On Tue, Oct 18, 2022 at 4:25 PM Delyan Kratunov <delyank@xxxxxxxx> wrote:
>
> BPF CI has revealed flakiness in the task_local_storage/exit_creds test.
> The failure point in CI [1] is that null_ptr_count is equal to 0,
> which indicates that the program hasn't run yet. This points to the
> kern_sync_rcu (sys_membarrier -> synchronize_rcu underneath) not
> waiting sufficiently.
>
> Indeed, synchronize_rcu only waits for read-side sections that started
> before the call.

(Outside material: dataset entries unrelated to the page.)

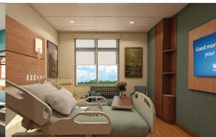
Rendering of patient room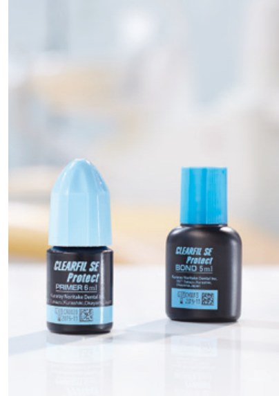
CLEARFIL™ SE Protect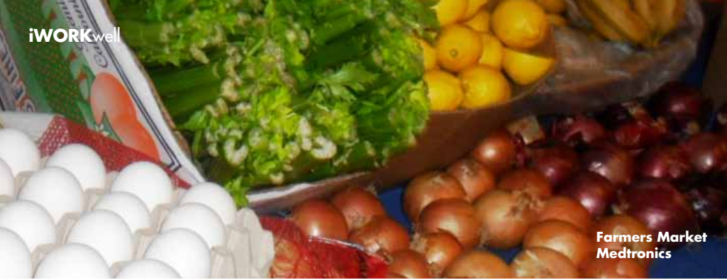
Farmers Market Medtronics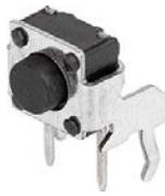
LPV: Through hole, angled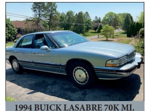
1994 BUICK LASABRE 70K MI.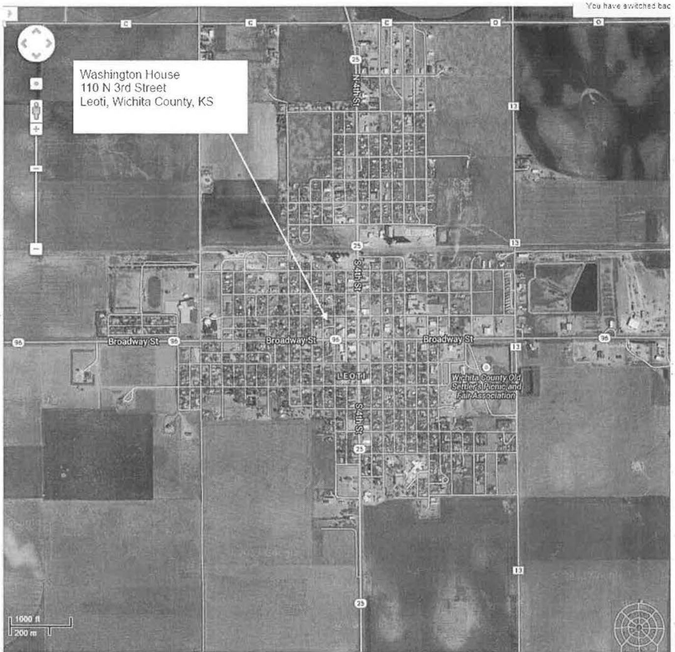
Figure 1: Contextual aerial image, Google 2014.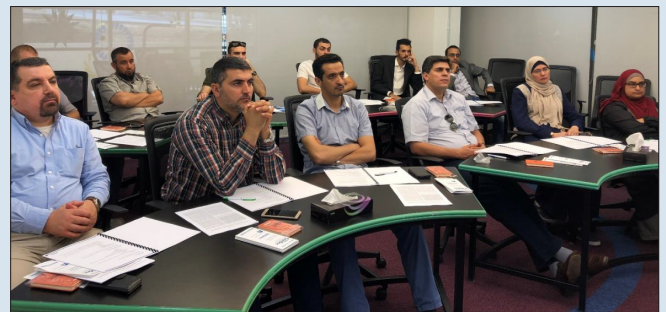
Wireless for IoT course.

schedules. However, we are working with the IEEE young professionals to find effective ways to connect with them. In the end, engagement with members with different backgrounds is what enriches IEEE ComSoc.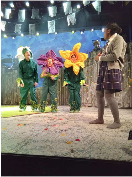
Y5 and 6 went to see The Snow Queen in Chester. They thoroughly enjoyed the show!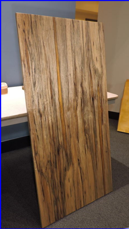
Coffee TableTop - Will Brethauer Black Limba GF Wood Bowl Finish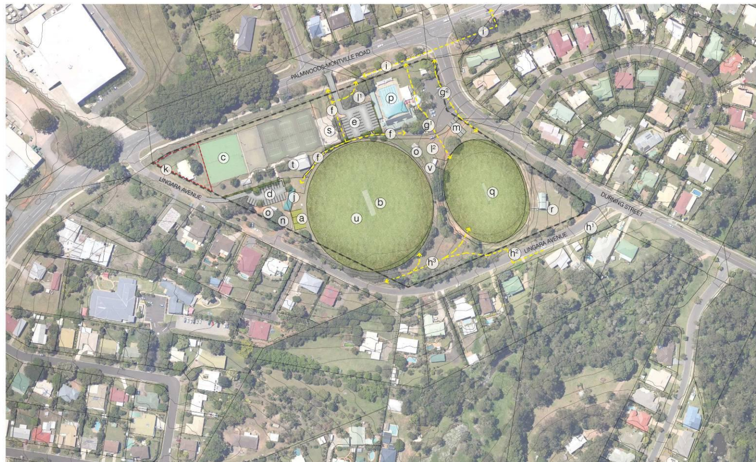
Figure 3- Palmwoods Sport and Recreation Reserve Master Plan

If the program execution starts *during* the
> synchronize_rcu invocation (due to, say, preemption), the test won't
> wait long enough.
>
> As a speculative fix, make the synchornize_rcu calls in a loop until
> an explicit run counter has gone up.
>
>   [1]: https://github.com/kernel-patches/bpf/actions/runs/3268263235/jobs/5374940791
>
> Signed-off-by: Delyan Kratunov <delyank@xxxxxx>
> ---
>  .../selftests/bpf/prog_tests/task_local_storage.c     | 11 +++++++++--
>  .../bpf/progs/task_local_storage_exit_creds.c         |  3 +++
>  2 files changed, 12 insertions(+), 2 deletions(-)
>
> diff --git a/tools/testing/selftests/bpf/prog_tests/task_local_storage.c b/tools/testing/selftests/bpf/prog_tests/task_local_storage.c
> index 035c263aab1b..4e2e3293c914 100644
> --- a/tools/testing/selftests/bpf/prog_tests/task_local_storage.c
> +++ b/tools/testing/selftests/bpf/prog_tests/task_local_storage.c
> @@ -53,8 +53,15 @@ static void test_exit_creds(void)
>         if (CHECK_FAIL(system("ls > /dev/null")))
>                 goto out;
>
> -       /* sync rcu to make sure exit_creds() is called for "ls" */
> -       kern_sync_rcu();
> +       /* kern_sync_rcu is not enough on its own as the read section we want
> +        * to wait for may start after we enter synchronize_rcu, so our call
> +        * won't wait for the section to finish. Loop on the run counter
> +        * as well to ensure the program has run.
> +        */
> +       do {
> +               kern_sync_rcu();
> +       } while (__atomic_load_n(&skel->bss->run_count, __ATOMIC_SEQ_CST) == 0);

let's also add some big enough max counter here to avoid being stuck
if something about test breaks and we actually never trigger the
program?

> +
>         ASSERT_EQ(skel->bss->valid_ptr_count, 0, "valid_ptr_count");
>         ASSERT_NEQ(skel->bss->null_ptr_count, 0, "null_ptr_count");
>  out:
> diff --git a/tools/testing/selftests/bpf/progs/task_local_storage_exit_creds.c b/tools/testing/selftests/bpf/progs/task_local_storage_exit_creds.c
> index 81758c0aef99..41d88ed222ff 100644
> --- a/tools/testing/selftests/bpf/progs/task_local_storage_exit_creds.c
> +++ b/tools/testing/selftests/bpf/progs/task_local_storage_exit_creds.c
> @@ -14,6 +14,7 @@ struct {
>         __type(value, __u64);
>  } task_storage SEC(".maps");
>
> +int run_count = 0;
>  int valid_ptr_count = 0;
>  int null_ptr_count = 0;
>
> @@ -28,5 +29,7 @@ int BPF_PROG(trace_exit_creds, struct task_struct *task)
>                 __sync_fetch_and_add(&valid_ptr_count, 1);
>         else
>                 __sync_fetch_and_add(&null_ptr_count, 1);
> +
> +       __sync_fetch_and_add(&run_count, 1);
>         return 0;
>  }
> --
> 2.37.3